Transcribe the following entries letter for letter, without the pictures.
(Given data Opens)
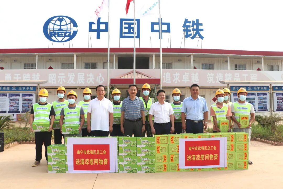 8月4日上午,南宁市武鸣区政协党组副书记、政协副主席、总工会主席陆耀忠一行深入公司贵南高铁项目南宁北站工区开展“送清凉”慰问活动,为高温下坚守施工一线的广大产业工人送去工会组织的关心和关爱。武鸣区总工会党组书记、常务副主席李茂叁,公司党委副书记、工会主席侯杰参加活动。
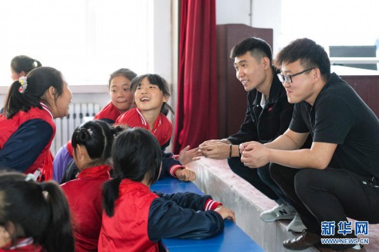 在黑龍江省安達(dá)市任民鎮(zhèn)中心小學(xué),“村里的孩兒”音樂(lè)班的孩子結(jié)束中午的合唱訓(xùn)練后和老師交流(5月25日攝)。新華社記者 謝劍飛 攝
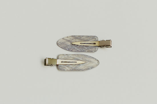 Designed in Austin, Texas and responsibly made in China, the Silver Tinsel Setting Clips are hand assembled from plant-based cellulose acetate. Due to the nature of the materials and process, each piece is unique and small variations will occur.
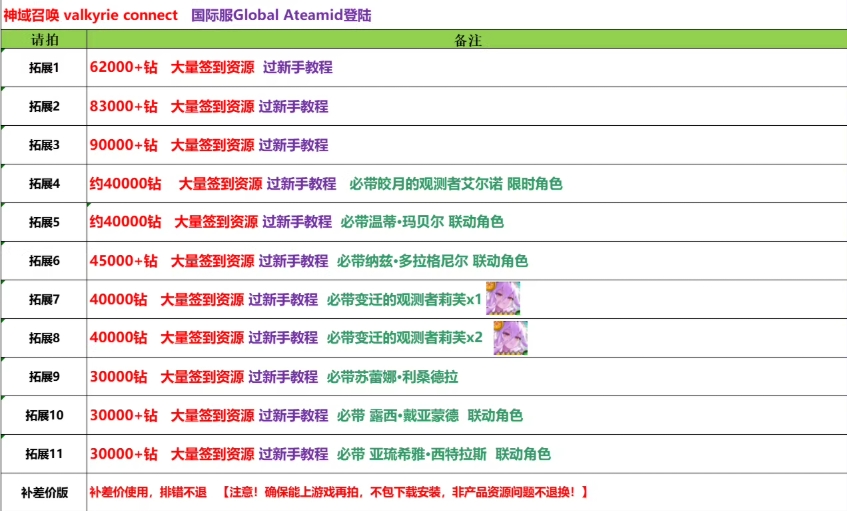 全 8591 首家 神域召喚初始號valkyrie connect國際服自選自抽號開局石頭號連動
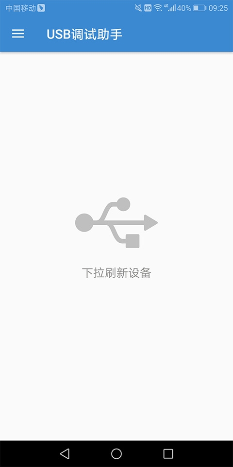 开启之后就可以打开usb调试助手,将usb数据线与其它设备进行连接,进入页面后即可看到连接的设备了,如果没有可以下拉页面将设备刷新出来
(Given data Closes)
# Task solution
 8月4日上午,南宁市武鸣区政协党组副书记、政协副主席、总工会主席陆耀忠一行深入公司贵南高铁项目南宁北站工区开展“送清凉”慰问活动,为高温下坚守施工一线的广大产业工人送去工会组织的关心和关爱。武鸣区总工会党组书记、常务副主席李茂叁,公司党委副书记、工会主席侯杰参加活动。
 在黑龍江省安達(dá)市任民鎮(zhèn)中心小學(xué),“村里的孩兒”音樂(lè)班的孩子結(jié)束中午的合唱訓(xùn)練后和老師交流(5月25日攝)。新華社記者 謝劍飛 攝
 Designed in Austin, Texas and responsibly made in China, the Silver Tinsel Setting Clips are hand assembled from plant-based cellulose acetate. Due to the nature of the materials and process, each piece is unique and small variations will occur.
 全 8591 首家 神域召喚初始號valkyrie connect國際服自選自抽號開局石頭號連動
 开启之后就可以打开usb调试助手,将usb数据线与其它设备进行连接,进入页面后即可看到连接的设备了,如果没有可以下拉页面将设备刷新出来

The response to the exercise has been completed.